HoneyDB provides real-time threat intelligence collected from a distributed network of honeypots — bad hosts, IP reputation, ASN activity, CVE sightings, network info, cloud/datacenter IP ranges, and more.
- Full API coverage — every current HoneyDB endpoint is exposed.
- Modern & typed — Python 3.10+, full type hints, ships a
py.typedmarker. - Robust HTTP — pooled
requests.Sessionwith automatic retries and typed exceptions. - Ergonomic CLI — a git-style subcommand interface:
honeydb ip 8.8.8.8.
Requirements
- Python 3.10+
- A HoneyDB API ID and API key (sign in to get yours).
Installation
pip install honeydb
Authentication
All requests require an API ID and API key. Provide them via environment variables:
export HONEYDB_API_ID=<your api id>
export HONEYDB_API_KEY=<your api key>
The CLI also accepts --api-id / --api-key, and the library takes them as constructor
arguments.
CLI usage
# Bad hosts seen in the last 24 hours
honeydb bad-hosts
# Full context for an IP (pretty-printed)
honeydb ip 8.8.8.8 --pretty
# Just the geolocation view of that IP
honeydb ip 8.8.8.8 --geo
# ASN organization + its prefixes
honeydb asn 15169
honeydb asn 15169 --prefixes
# Check an IP against a specific list
honeydb ipinfo 185.220.101.1 --source tor
# Cloud/datacenter IP ranges (does not count against monthly limits)
honeydb datacenter aws
# Your own sensor data for a date
honeydb sensor-data --date 2025-04-01
honeydb sensor-data --date 2025-04-01 --count
# Manage monitors
honeydb monitors list
honeydb monitors create --json '[{"monitor_type":"asn","monitor_value":"401120","description":"ASN Example"}]'
honeydb monitors delete --id 122 123
Run honeydb --help or honeydb <command> --help for the full command tree. Global flags
--pretty/-p and --timeout apply to any command. Output is JSON on stdout; errors go to
stderr with a non-zero exit code.
Commands
| Command | Description |
|---|---|
bad-hosts [--service S] [--mydata] |
Bad hosts (last 24h), optionally by service. |
ip <ip> [--geo|--netinfo|--threatinfo|--scanner|--history|--cve] |
IP context, or a single view. |
ip-cidr <cidr> |
All IP addresses within a network range. |
asn <n> [--prefixes] |
ASN organization info or its prefixes. |
asns [--days 1|7] |
ASNs seen in the last 1 (default) or 7 days. |
cve <cve> |
IP history for a CVE. |
cve-ip <ip> |
CVE history for an IP. |
sensor-data --date D [--from-id ID] [--count] [--all] |
Your sensor event data for a date. |
services |
Emulated services (last 24h). |
stats --year Y --month M |
Summary stats for a year/month. |
monitors {list,logs,notifications,create,delete} |
Manage monitors. |
nodes [--mydata] |
honeydb-agent nodes (last 3 days). |
payload-history {remote-hosts,attributes,...} |
Payload history data. |
internet-scanner <ip> [--info] |
Whether an IP is a known internet scanner. |
ipinfo <ip> [--source SRC] |
Check an IP against known IP lists. |
netinfo {lookup,network-addresses,prefixes,as-name,geolocation} <arg> |
Network info (no monthly limit). |
datacenter <provider> |
Cloud/datacenter IP ranges (no monthly limit). |
ipinfo --source values: bogon, tor, sansip, ciarmy, et-compromised,
project-honeypot, pallebone, threatfox, blocklist_net_ua.

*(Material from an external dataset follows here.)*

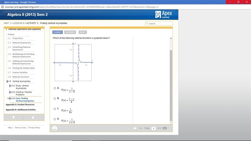 ANSWER AS FAST AS YOU CAN I'M SHORT ON TIME Which of the following rational functions is graphed below?

datacenter providers: aws, azure, azure/china, azure/germany, azure/gov,
cloudflare, gcp, ibm, oracle.
Library usage
from honeydb import Client
with Client("api_id", "api_key") as honeydb:
hosts = honeydb.bad_hosts()
context = honeydb.ip("8.8.8.8")
is_tor = honeydb.ipinfo_source("tor", "185.220.101.1")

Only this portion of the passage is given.